Therefore, this assignment, which had the students critique themselves and then present that critique to the class, avoided the shortcomings of both peer editing and my public critique. Students demonstrated that all of their writing needed improvement, and in the course of their presentations we were able to discuss these errors and others (e.g. when to use “less” vs. “fewer,” how to avoid beginning sentences with vague pronouns, the conventions of formal writing that discourage contractions, etc.) in a productive manner. In many cases the students’ corrected sentences preserved the error or created a new one, but in the course of the presentations many students were able to identify these mistakes mid-stream and make the necessary corrections. Moreover, structuring the class in this way also moved us through a larger number of students’ papers that I’d be likely to get through as the primary document camera-jockey.
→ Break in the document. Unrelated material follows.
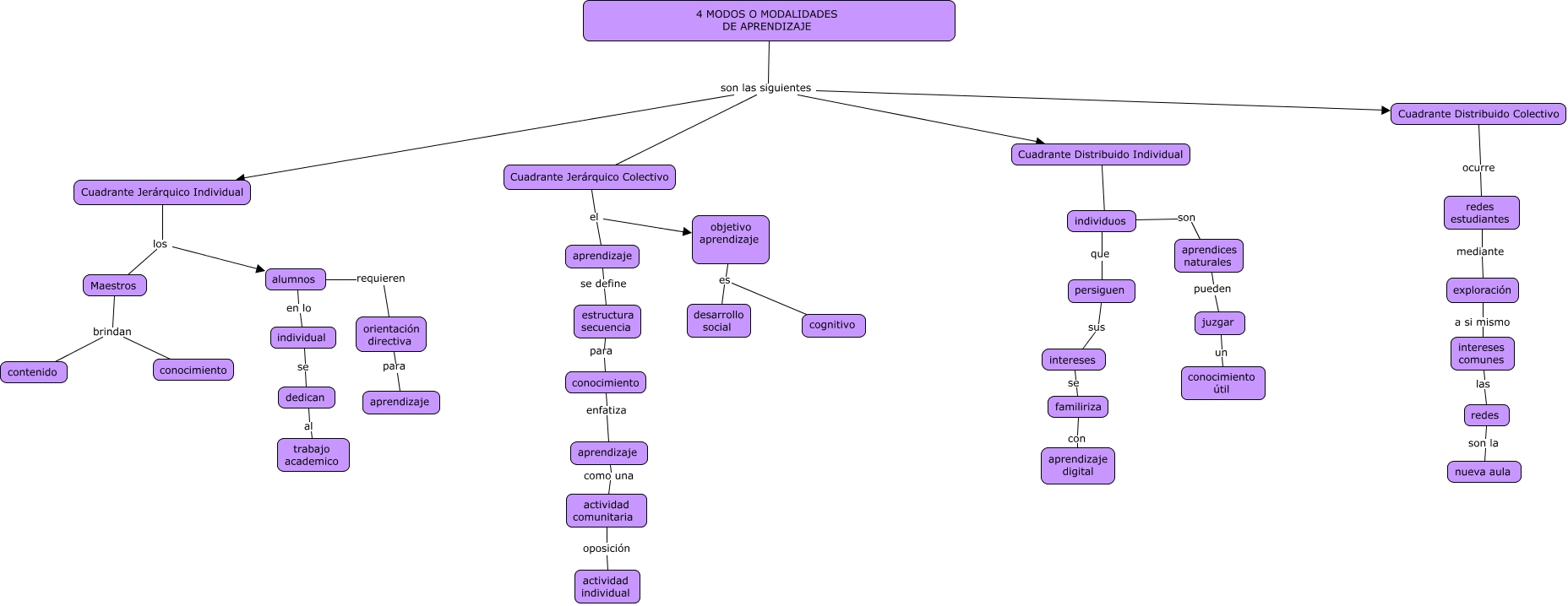 Este Cmap, tiene información relacionada con: modos de aprendizaje, aprendizaje se define estructura secuencia, Cuadrante Jerárquico Colectivo el aprendizaje, persiguen sus intereses, 4 MODOS O MODALIDADES DE APRENDIZAJE son las siguientes Cuadrante Jerárquico Individual, Cuadrante Jerárquico Individual los Maestros, juzgar un conocimiento útil, aprendices naturales pueden juzgar, redes estudiantes mediante exploración, exploración a si mismo intereses comunes, Cuadrante Distribuido Colectivo ocurre redes estudiantes, familiriza con aprendizaje digital, individuos son aprendices naturales, estructura secuencia para conocimiento, intereses comunes las redes, redes son la nueva aula, Maestros brindan contenido, Maestros brindan conocimiento, individual se dedican, 4 MODOS O MODALIDADES DE APRENDIZAJE son las siguientes Cuadrante Jerárquico Colectivo, objetivo aprendizaje es cognitivo

Now, let’s just hope doesn’t includes any of the skull-and-crossbones errors over which I just quizzed my students!

Before the winter break I assigned my 9th grade classes a brief research project about one of three controversial topics — the death penalty, the drinking age, and health care reform — as a way to gain experience in researching, organizing, and writing an argumentative paper and presenting that argument orally. I selected those three topics because they were all ones that ProCon.org had substantial resources on, and in the case of the death penalty and the drinking age provided a fairly clear, straightforward set of arguments and evidence for the students to draw on.

As I’ve noted before, students tend to turn to the internet as their immediate research resource, so by pointing them to a centralized source of information at ProCon.org, I hoped to avoid the information-vetting step, which is a skill unto itself and likely merits its own exercise or assignment. Therefore ProCon.org proved appealing because it pre-screens its sources of evidence and provides researchers with access to substantial, well-regarded reports, quotations, and the like. In this way, I structured the assignment to force my students to focus the bulk of their energies on assessing the different arguments, selecting the most persuasive ones, and then organizing the major claims and pieces of evidence into a concise, coherent essay. Ultimately, this assignment prioritized essay structure and composition above research, though hopefully my students learned something about their topic nevertheless.

So, at this point you might be wondering, “isn’t this post terribly mis-titled? Where is the discussion of Vimeo?” (If you’re savvy, and don’t suffer from tunnel-vision, [or would it be "letterbox vision"?] you’ll see just a few lines down that I’ve embedded a Vimeo video. Thus, the title. Or you could play along, read the next line, and avoid the spoiler alert that you just read.)

Well, let me tell you: I exhumed my Mino Flip camera, which I hadn’t used pedagogically since recording this video toward the beginning of the school year, and after I finished teaching my first class of the day, I decided to make a brief recording that recapped my board notes. Here’s the result:

more about “Position Paper Organization“, posted with vodpod

Certainly these board notes were an ideal candidate for capturing via video — they were concise, concept-based, and covered material that I’ve taught many, many times, which made it easy for me to recap quickly. Ideally my narration also helped clarify any confusion that the students may have had during class. By contrast, other, more content-based material would lend itself less well to being captured in this way as it would be longer, more complicated, and ultimately more time-intensive to recreate. Nevertheless, I hope to be more conscientious this next semester about using the Flip Camera to record and share this type of material with my students. Additionally, recording my class notes in this way allows me to share them with students who missed class that day, something else I mused about previously.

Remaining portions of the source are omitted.